By Pramodini Naik, Assistant Director, CYDA
Education is not just about learning to read and write; it is a powerful tool for dignity, struggle, and social change. In a society shaped by inequalities of caste, gender, class, and place, education decides who gets a voice and who is pushed to the margins. Nearly two hundred years ago, Savitribai Phule clearly understood this and at a time when educating women and marginalized communities was seen as wrong, she strongly claimed education as a basic right. Her fight was not only against illiteracy, but against an unfair social system that kept knowledge away from those who needed it the most.

If Savitribai Phule were alive in today’s era, she would once again stand at the forefront of questioning the deep-rooted inequalities within the education system. While the form of discrimination has changed, its impact remains similar. Gender disparity, poor access to quality education and the rapid privatization of learning have created a system where education once envisioned as a public good, has increasingly become a privilege for those who can afford it. Despite progressive policy reforms such as the Right to Education (RTE) Act and multiple government welfare schemes, the rising cost of education continues to widen the gap between the rich and the poor. There is no longer a common education system for all; instead, parallel systems exist—one for the privileged and another for the marginalized.
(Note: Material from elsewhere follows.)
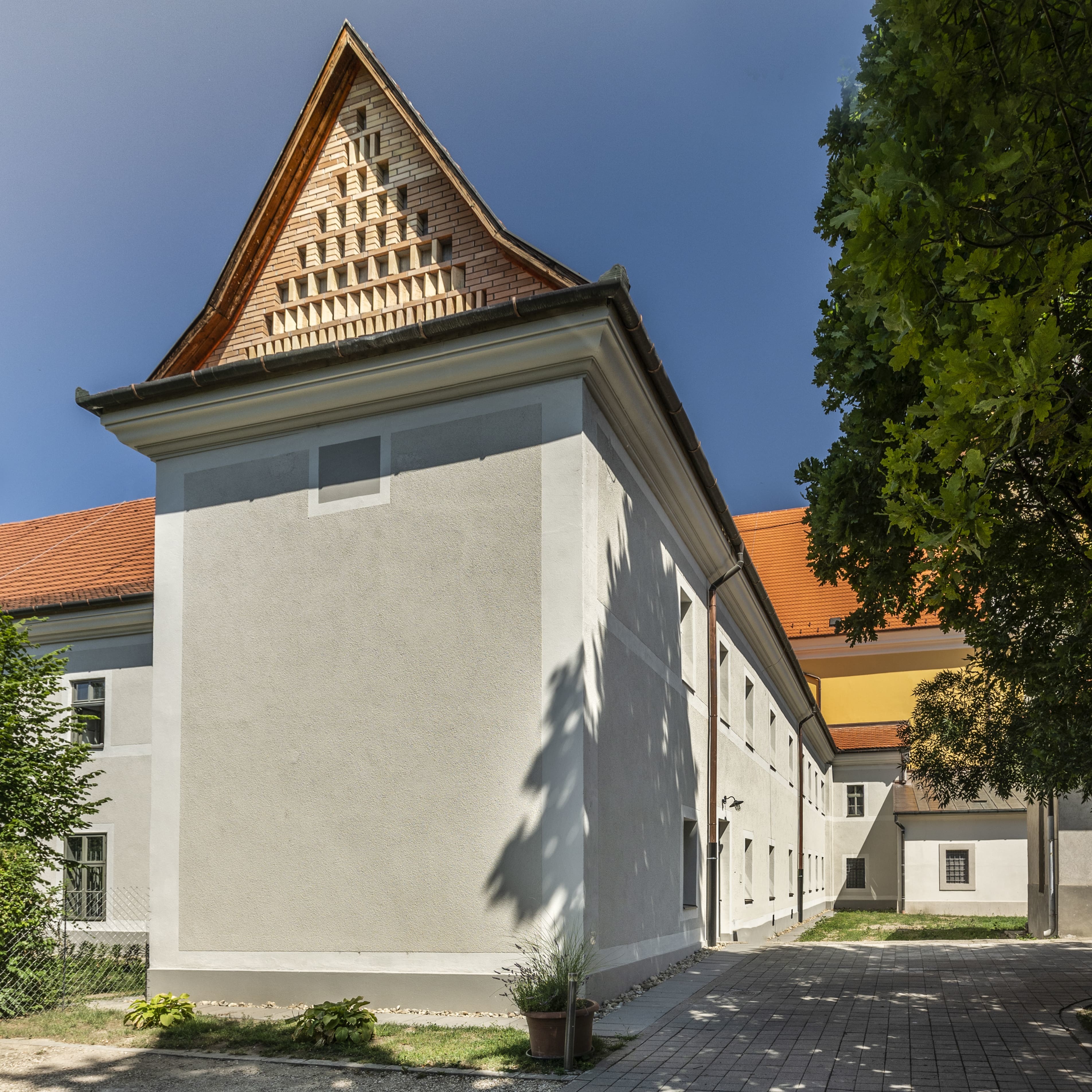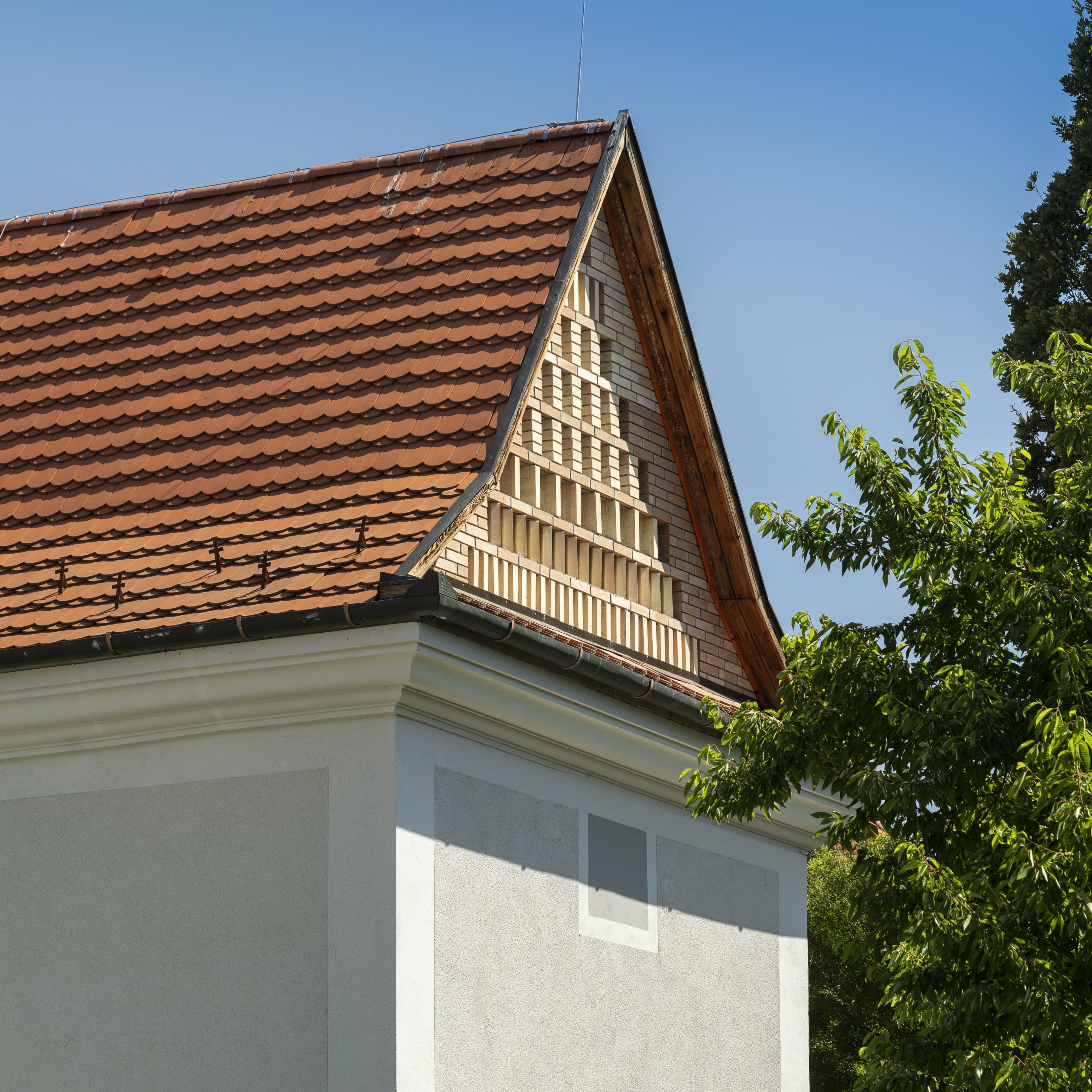 A zsűri szerint a timpanonos záródású, igényesen kialakított tégla oromfal igazi ritkaságnak számít ebben a zárt formavilágban.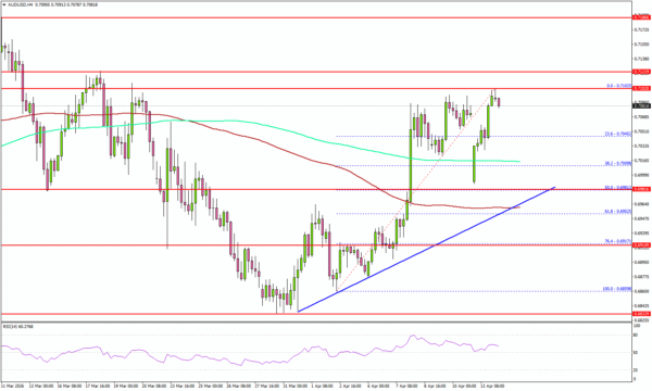 - AUD/USD started a fresh increase above 0.7000.

In today’s knowledge-driven economy, access to quality education, digital platforms, skill-development programs, and exposure-based learning determines who gains livelihood opportunities and who is left behind. Those who can afford private schooling, coaching institutes, digital tools and skill-based platforms are better positioned to capture employment and business opportunities. Equally, students from poor, rural, and tribal communities remain excluded from these pathways. Even today, many tribal students in Grade 8 struggle to read fluently or perform basic numeracy operations. This is not only a learning gap—it is a systemic failure rooted in unequal access, social exclusion and under-resourced public education.
Savitribai Phule stands as one of the most transformative figures in Indian social reform, particularly in the field of women’s education and social justice. Born on 3 January 1831 in Naigaon, Maharashtra, she emerged as India’s first woman teacher and a pioneering educationist at a time when educating women and marginalized communities was socially unacceptable. Along with her husband, Jyotirao Phule, she challenged entrenched caste hierarchies, patriarchal norms, and regressive traditions that denied women dignity and knowledge. Despite facing social ostracism, verbal abuse, and physical attacks, Savitribai continued teaching with extraordinary courage and conviction.
In 1848, she played a pivotal role in establishing the first school for girls in Pune, laying the foundation for a revolutionary movement in women’s education. Savitribai believed that education is the most powerful tool for social transformation—not just to achieve literacy, but to develop critical consciousness. Her work extended beyond classrooms; she advocated widow remarriage, opposed child marriage, worked for widow welfare and established shelters for abandoned women. As a poet and thinker, she emphasized rationality, self-respect, and liberation through knowledge. Her vision aligns closely with modern theories of education such as Paulo Freire’s critical pedagogy, which views education as a practice of freedom, and Amartya Sen’s capability approach, which defines education as expanding people’s real freedoms and life choices.
At CYDA, our commitment to inclusive, equitable, and transformative education draws deeply from Savitribai Phule’s philosophy. She viewed education as a means to dismantle structural inequality and empower marginalized communities to claim their rights with dignity. Similarly, it focuses on bridging learning gaps, strengthening foundational literacy and numeracy, and creating equal learning opportunities for adolescents, especially girls and students from disadvantaged and tribal backgrounds. Through teacher capacity-building programs, remedial education, STEM initiatives, life-skills education, and community engagement, CYDA works to ensure that education becomes a tool for empowerment rather than exclusion.
From a theoretical perspective, its approach reflects the principle of equity rather than mere equality. While equality provides the same resources to all, equity recognizes that learners start from different positions and therefore require differentiated support. Today, our organization continues this legacy by addressing structural barriers such as poor school infrastructure, limited access to quality learning materials, gender bias, and lack of parental or community support for education.
CYDA’s emphasis on gender sensitivity, leadership development among girls, and community awareness aligns strongly with Savitribai Phule’s belief that education must lead to social transformation. By working closely with teachers, schools, parents, and communities, it fosters critical thinking, self-confidence, and social responsibility among young learners.